Na ânsia de emagrecer, ela experimentou até injeções, mas nem isso deu resultado. Mesmo sabendo que a medicação sozinha não é suficiente, ela reconhece que nem sempre segue à risca as orientações do médico. “Sei que o remédio não faz milagre, que tenho que me esforçar, mas é difícil seguir a dieta à risca. Belisco o dia todo e não dá para resistir ao chocolate”, diz.


Depoimento
Estelita Carazzai é repórter de Economia.


Caminhada em vez de medicação
Só existe uma receita que acredito eficaz contra aquelas gordurinhas a mais: alimentação balanceada e exercício físico. Só. Minha única experiência com remédios para emagrecimento foi frustrante – e não porque malsucedida, pelo contrário. Emagreci dez quilos em três meses, uma marca digna de capa de revista feminina. Mas engordei os mesmos dez – e mais cinco – nos seis meses subseqüentes.
E o pior é que não foi nem um troco por uma possível imprudência: os mais de R$ 300 em remédios foram gastos com a chancela de um profissional, um nutrólogo que elogiava minha perseverança a cada encontro mensal e, de caneta em punho, tascava-me mais uma receita para os próximos 30 dias. Eram remédios de manipulação, que “misturavam ingredientes naturais a sintéticos” - foi a explicação mais precisa que obtive do médico. Três meses depois, com o sucesso na balança, ele me recomendou que parasse com a medicação. Parei, e deu no que deu.

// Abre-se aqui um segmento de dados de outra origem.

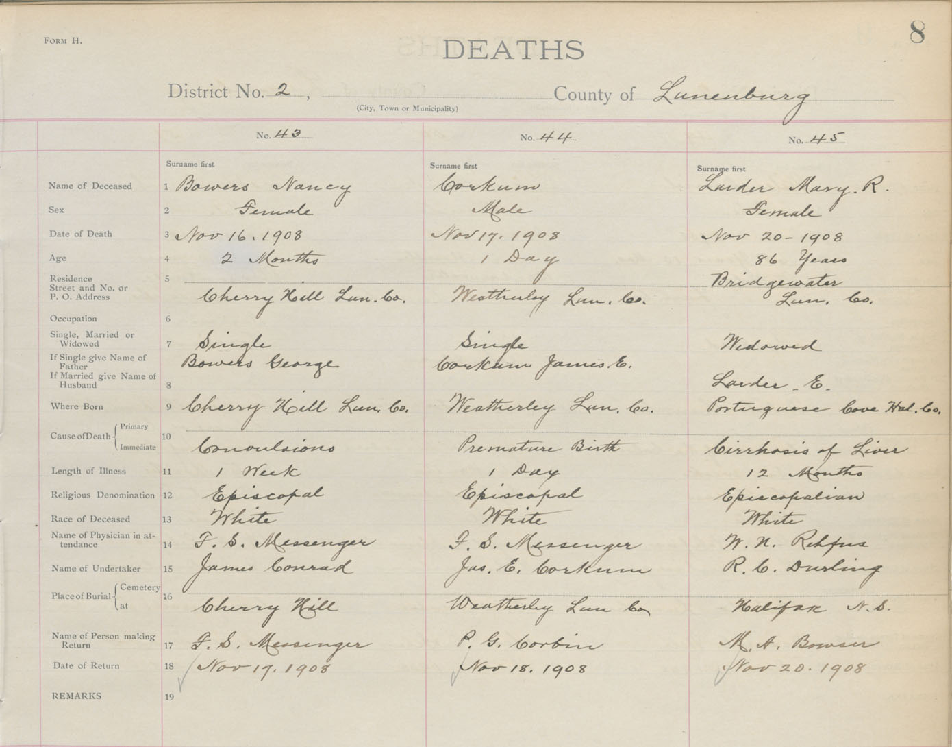 Death Registration: Year: 1908 book: 13 page: 8 number: 45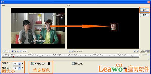 弹出“修剪”视频滤镜的参数设置界面窗口。窗口中时间轴的首尾处默认各有一个菱形的标记,称为“关键帧”,选中并调整两个关键帧的宽度、高度及位置。可在两关键帧中间添加新的关键帧,调整长方形的位置,使它恰好挡住人脸。填充色可设置为白色。 此步其实是添加了跟踪效果,让马赛克跟随镜头。然后点击“确定”返回。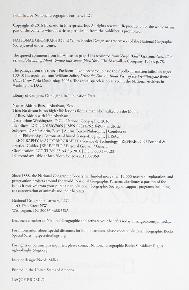 First Edition of Buzz Aldrin's No Dream Is Too High: Life Lessons From a Man Who Walked on the Moon; Signed by Him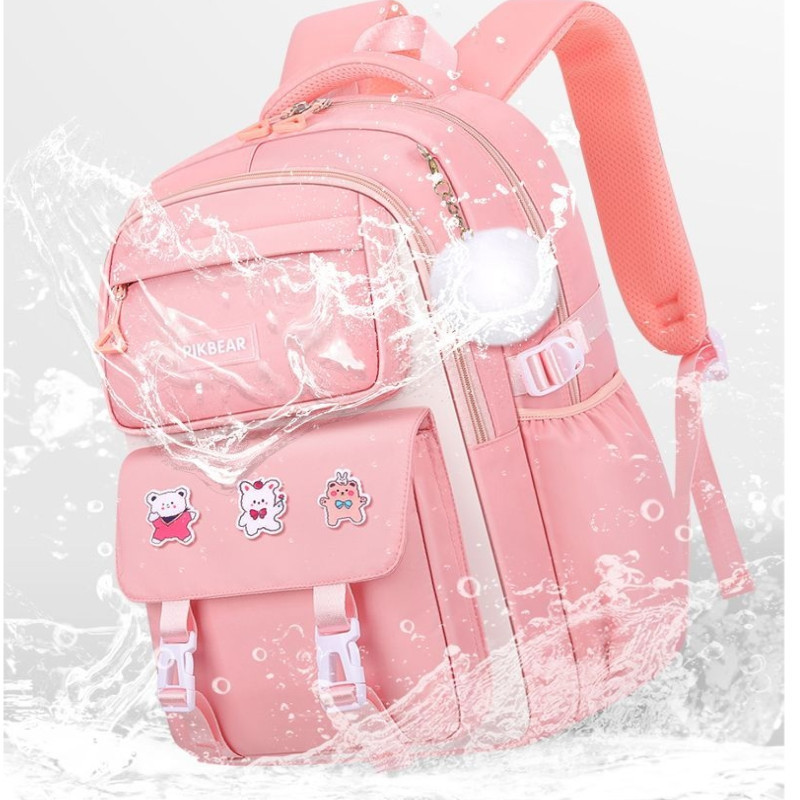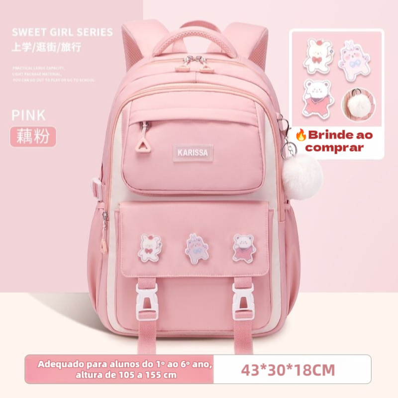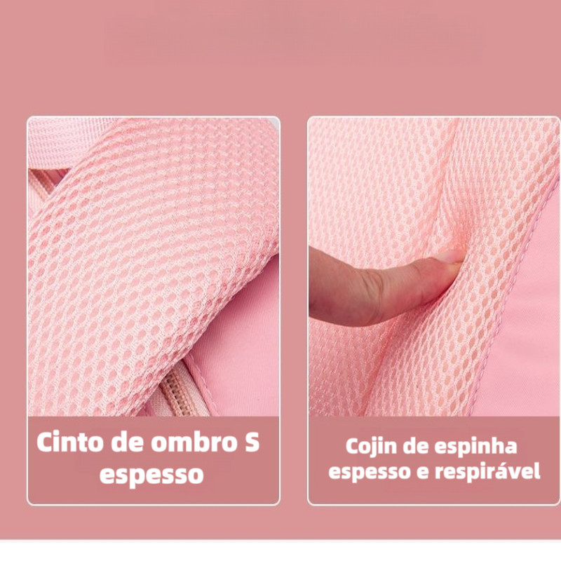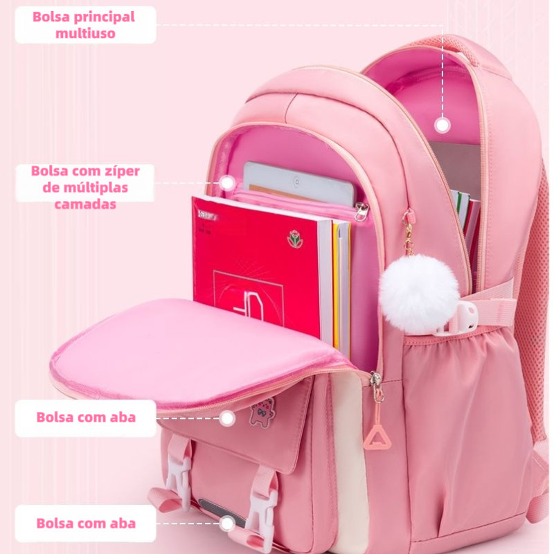 Mochila Escolar Menina Abertura 180° Com Pompom Grande CapacidadeJuvenil Leve Reforçada Princesa Viagem Passeio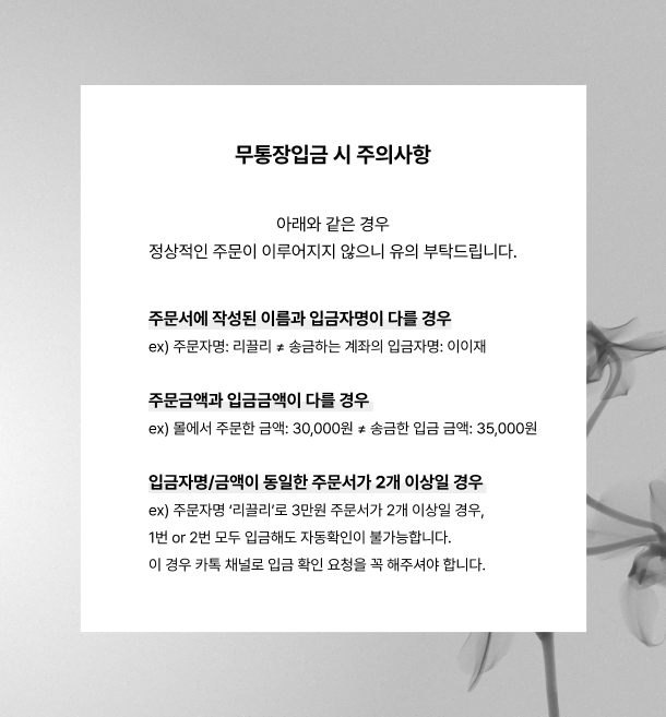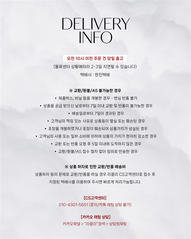 · 배송은 입금확인된 날짜로부터 1~3일 소요되며 최대 7일 이내 출고됩니다. (공휴일, 기상악화 등 불가피한 상황에 따라 추가 지연될 수 있습니다.)

No retorno ao consultório, 15 quilos mais gorda, a frustração: saí com a mesma receita que me havia sido dada nos outros meses. Joguei o papel no lixo e passei a investir em caminhadas. Não, o final não é tão óbvio: mesmo aposentando o carro e andando cerca de uma hora por dia, só consegui emagrecer seis quilos, dois anos para cá. Mas ao menos sei que esses eu não recupero mais.